Records from a data source:
=======
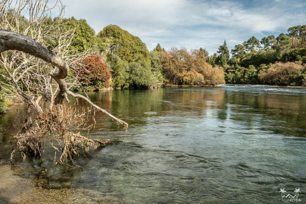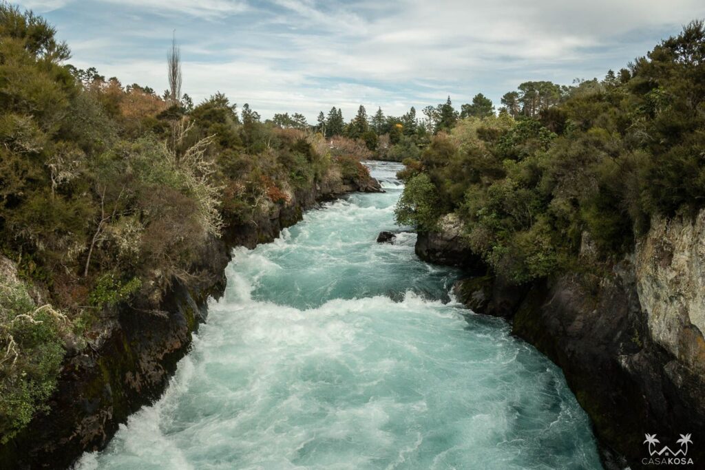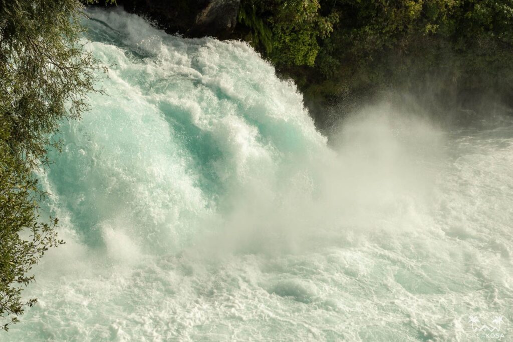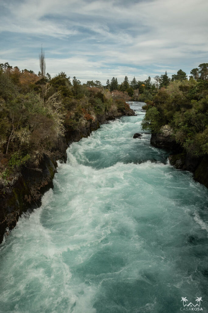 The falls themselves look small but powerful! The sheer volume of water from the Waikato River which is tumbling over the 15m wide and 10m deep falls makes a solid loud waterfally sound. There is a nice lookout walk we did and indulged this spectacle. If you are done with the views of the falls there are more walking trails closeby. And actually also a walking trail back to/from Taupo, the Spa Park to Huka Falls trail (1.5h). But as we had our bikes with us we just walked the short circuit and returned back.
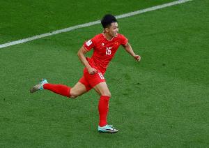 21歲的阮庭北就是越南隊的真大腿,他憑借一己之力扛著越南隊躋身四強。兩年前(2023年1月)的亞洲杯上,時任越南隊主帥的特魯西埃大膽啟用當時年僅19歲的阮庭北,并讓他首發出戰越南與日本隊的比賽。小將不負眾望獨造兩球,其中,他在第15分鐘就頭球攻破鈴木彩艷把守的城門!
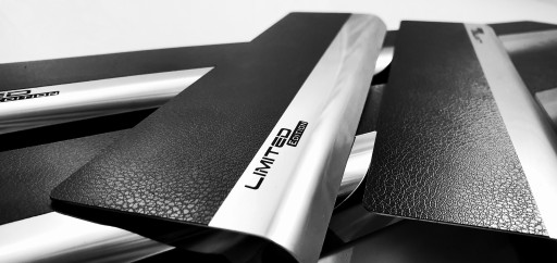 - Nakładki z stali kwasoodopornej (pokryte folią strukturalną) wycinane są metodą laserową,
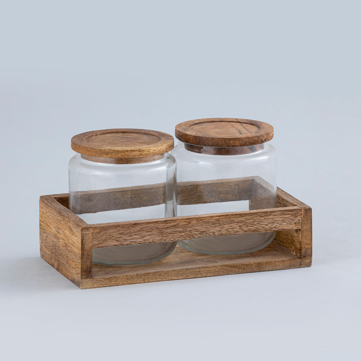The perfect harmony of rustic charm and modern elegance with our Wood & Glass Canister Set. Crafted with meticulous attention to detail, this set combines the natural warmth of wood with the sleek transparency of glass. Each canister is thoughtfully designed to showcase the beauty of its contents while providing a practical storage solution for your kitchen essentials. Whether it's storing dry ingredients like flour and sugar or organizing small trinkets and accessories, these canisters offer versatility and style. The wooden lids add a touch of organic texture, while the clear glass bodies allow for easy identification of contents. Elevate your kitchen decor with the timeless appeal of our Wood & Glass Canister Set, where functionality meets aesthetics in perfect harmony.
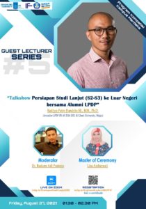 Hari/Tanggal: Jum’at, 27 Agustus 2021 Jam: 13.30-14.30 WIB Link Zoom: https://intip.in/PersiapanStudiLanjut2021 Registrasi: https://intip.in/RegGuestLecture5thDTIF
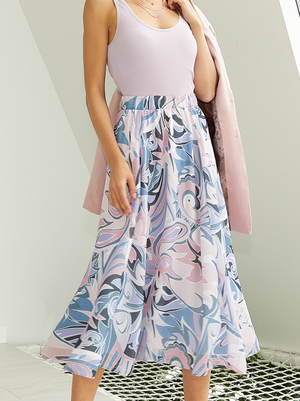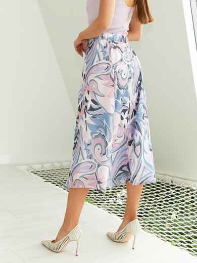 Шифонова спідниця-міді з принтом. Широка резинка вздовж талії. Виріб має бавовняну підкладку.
=======
• EXERCISE: What is needed is an exact copy of only the lines from the line containing "- Nakładki z" through the last line of the entries, inclusive, without the pictures.

• COMPLETED TASK:
 - Nakładki z stali kwasoodopornej (pokryte folią strukturalną) wycinane są metodą laserową,
The perfect harmony of rustic charm and modern elegance with our Wood & Glass Canister Set. Crafted with meticulous attention to detail, this set combines the natural warmth of wood with the sleek transparency of glass. Each canister is thoughtfully designed to showcase the beauty of its contents while providing a practical storage solution for your kitchen essentials. Whether it's storing dry ingredients like flour and sugar or organizing small trinkets and accessories, these canisters offer versatility and style. The wooden lids add a touch of organic texture, while the clear glass bodies allow for easy identification of contents. Elevate your kitchen decor with the timeless appeal of our Wood & Glass Canister Set, where functionality meets aesthetics in perfect harmony.
 Hari/Tanggal: Jum’at, 27 Agustus 2021 Jam: 13.30-14.30 WIB Link Zoom: https://intip.in/PersiapanStudiLanjut2021 Registrasi: https://intip.in/RegGuestLecture5thDTIF
 Шифонова спідниця-міді з принтом. Широка резинка вздовж талії. Виріб має бавовняну підкладку.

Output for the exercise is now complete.